View a slide show of postwar Abkhazia.
ABKHAZIA — Post-conflict zones are eerily quiet places. Nowadays, with the border closed since the August 2008 war, the only way to cross from western Georgia into the de facto Republic of Abkhazia, a territory of 3,250 square miles by the Black Sea, is by foot. When I left behind the Georgian military checkpoint and walked across the bridge over the Inguri River last month, it was a gloriously sunny day; the white peaks of the Caucasus Mountains sketched out hazily on the horizon to the north. But the silence was deathly.
Frogs are the main inhabitants of this no-man's land. Apart from the sound of my suitcase wheels skidding over the bumpy road, all I could hear was frogs croaking in the riverbed. I kept pace with a friendly group of Georgian women, some of the many thousands who go back and forth between Zugdidi, a town in western Georgia, and Gali, the southern region of Abkhazia. These Gali Georgians eke out a precarious existence with family and property on both sides of the border.
A few years ago, I might have enjoyed the spy-novel quality of this walk across a bridge in an international twilight zone. But this time my feelings were more in tune with those of the unfortunate Georgian women, whose lives had been divided by the checkpoints between western Georgia and would-be independent Abkhazia, and who have to regularly make this long walk rain or shine. "When will this ever end?" I wondered as I approached the uniformed guards on the other side of the bridge, manning the cement-and-steel gateway to Fortress Abkhazia.

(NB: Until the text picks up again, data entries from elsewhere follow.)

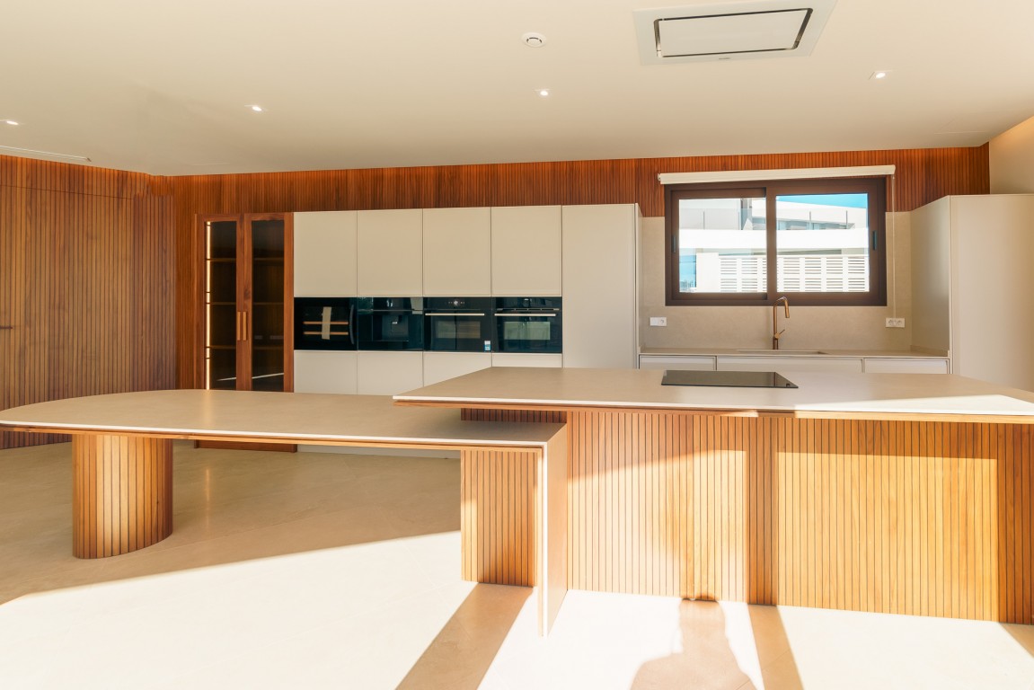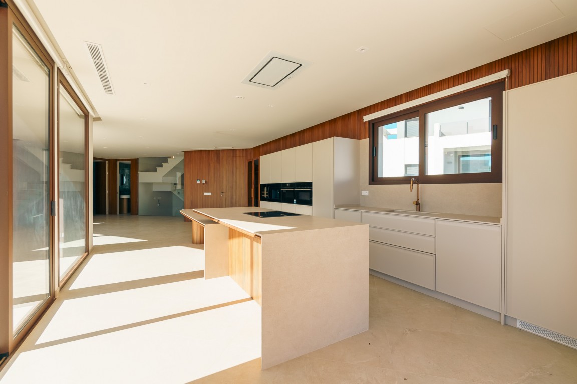 Contemporary interior design with large-format flooring and expansive windows. Modern open-plan kitchen connected to the living room, functional and elegant.
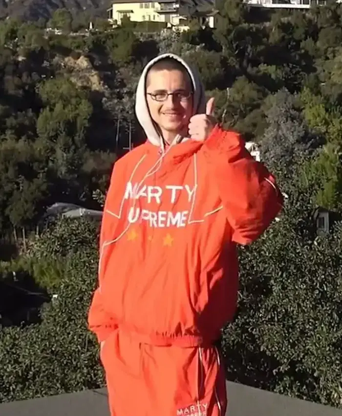 Timothée Chalamet’s Orange Marty Supreme Track Suit is ready to deliver a vibrant appeal, and because it is made in orange, the jacket has ultimately become a focal point. Put the Orange Marty Supreme Jacket over a simple tee and boots with the same color trousers, and channel the attractive appeal everyone got attracted to. Or you can style it casually with jeans or black pants if you want to pair it with dark-toned ensembles. In this attire, you will get a Timothée vibe stitched into every seam. Purchase it right now! From the Celebrity Star Jackets collection.
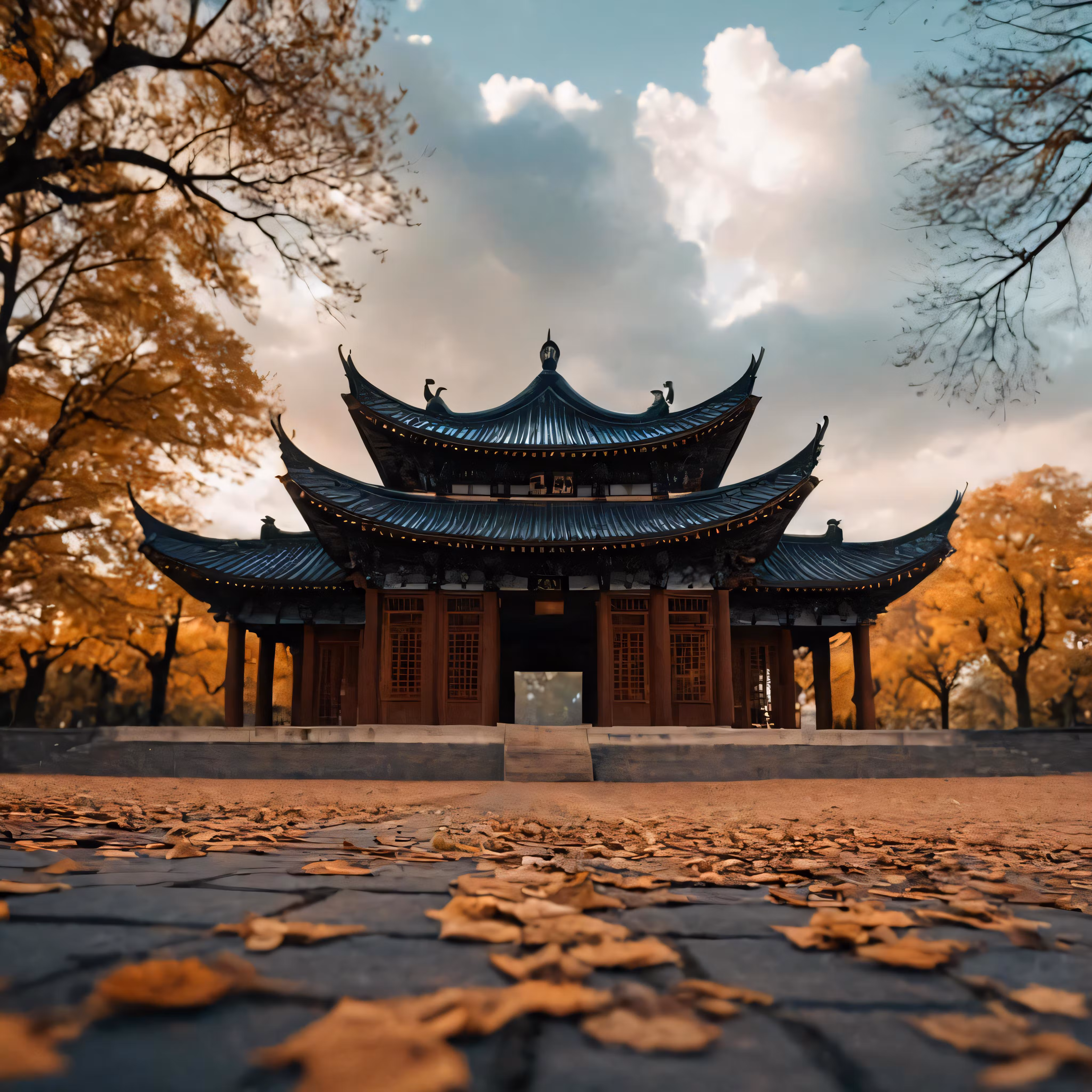 High resolution picture, free to use, an asian architecture that looks out to the woods
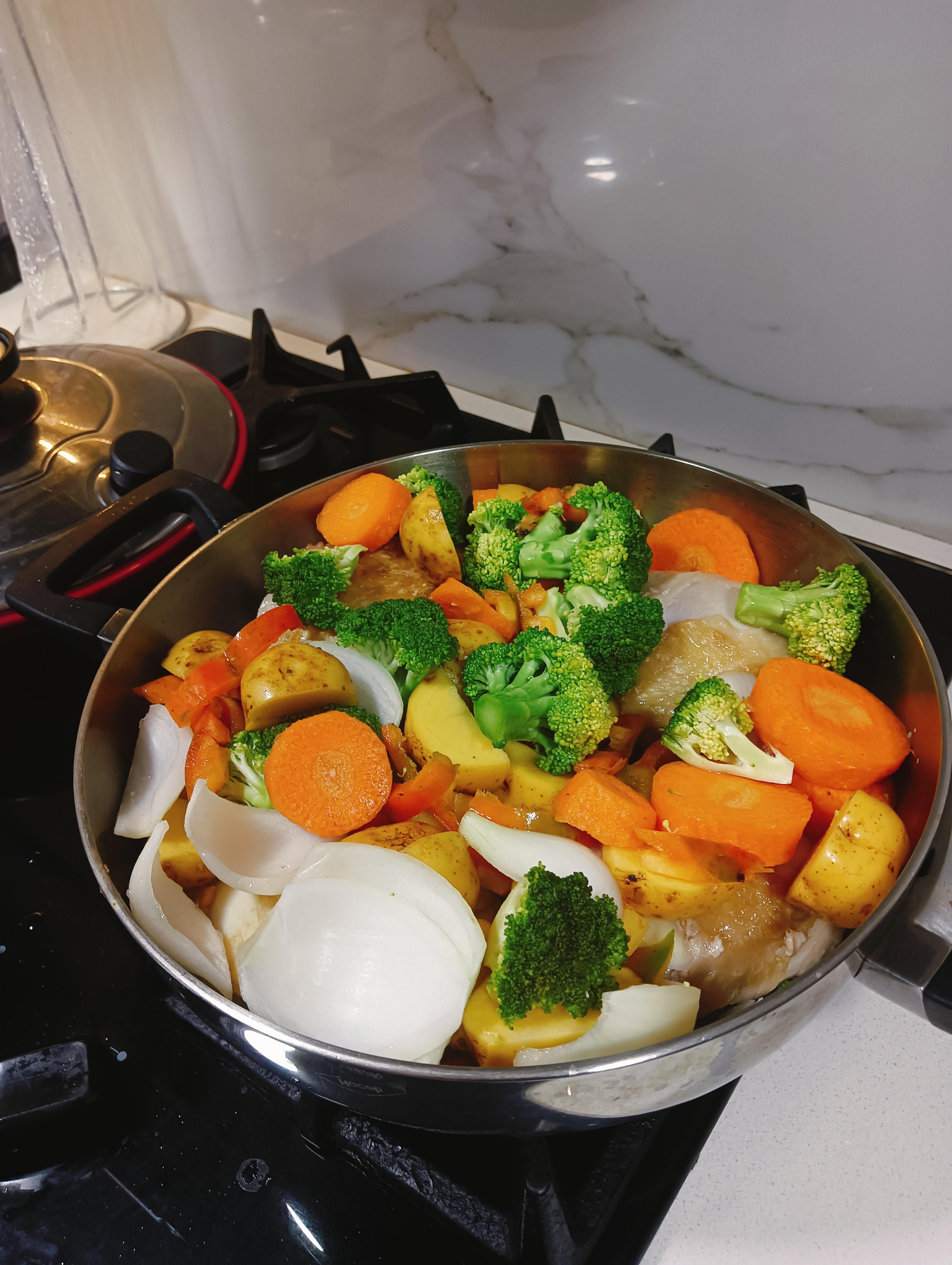 Is this before cooking? It looks like raw, cut up veggies and potatoes to me… especially those onions.

The Republic of Abkhazia, geographically speaking, occupies a much-coveted slice of subtropical Black Sea coastline. But since 1993, it has not had a proper place on any political map. Having won a bitter civil conflict with the Georgian government in Tbilisi in the early 1990s, the indigenous Abkhaz and their allies, mainly Armenians and Russians, have built a de facto state with a functioning government, institutions, and media.
The Abkhaz state-building project received a boost following the 2008 war between Georgia and Russia over the other breakaway territory of South Ossetia. When the conflict ended, Russia recognized Abkhazia as an independent state and dramatically increased its military presence there. But to most of the world, the Republic of Abkhazia is still part of sovereign Georgia and therefore an illegitimate entity, particularly as 200,000 of its prewar Georgian inhabitants are still prevented from returning home. Quasi-state, de facto entity, partially recognized territory -- take your pick of the terms on offer -- it is a land whose inhabitants say they have left Georgia behind, but who have not, so far, arrived anywhere else.
I had not been back to Abkhazia since 2008. On my trip last month I found Sukhumi, the capital city (which the Abkhaz call Sukhum), to be tidier and more prosperous than it was two years ago. Shops and cafes were open and doing business; there were periodic traffic jams on the central streets. The crime rate was down. But I would hardly call the city "bustling." The central square is still dominated by the burned-out hulk of the 13-story old Communist Party headquarters, which was ravaged in the final bout of fighting before the Abkhaz and their allies recaptured the city in 1993.
My mood improved as I strolled along the promenade by the Black Sea, past whitewashed hotels, shops, and rows of palm trees and dwarf pines. In lovely mid-70s temperatures, I ended up doing most of my business in the seafront cafe known either as Akop's Place (after its late Armenian owner) or by the Russian slang term brekhalovka, loosely translating to "gossipery." Here, in a pleasant throwback to Abkhazia's Ottoman past, men in flat caps play dominoes, backgammon, or chess and smoke incessantly while sipping Turkish coffee and catching up on the political news. If you sit here long enough, most people you want to talk to will come by. Even the president, Sergei Bagapsh, stops by from time to time.
My first observation from my conversations here was that the Abkhaz do not want to talk about Georgia. From their perspective, the conflict has been resolved -- in their favor -- and it is just a matter of waiting for the rest of the world to catch up.
Abkhaz officials reject the Georgian government's recent strategy on engagement, which aspires to restore people-to-people contacts, as a hapless PR stunt. Of course, the Abkhaz cannot pretend forever that Georgia and the claims of its displaced people do not exist. But another initiative of the Georgian government has arguably made their life easier in this regard. By insisting that Abkhazia is a place "under Russian occupation" -- a formula supported in July by U.S. Secretary of State Hillary Clinton -- Tbilisi suggests the Abkhaz are mere tools of Russia without any agency of their own, and that diminishes any incentive they might have had for dialogue with the Georgians.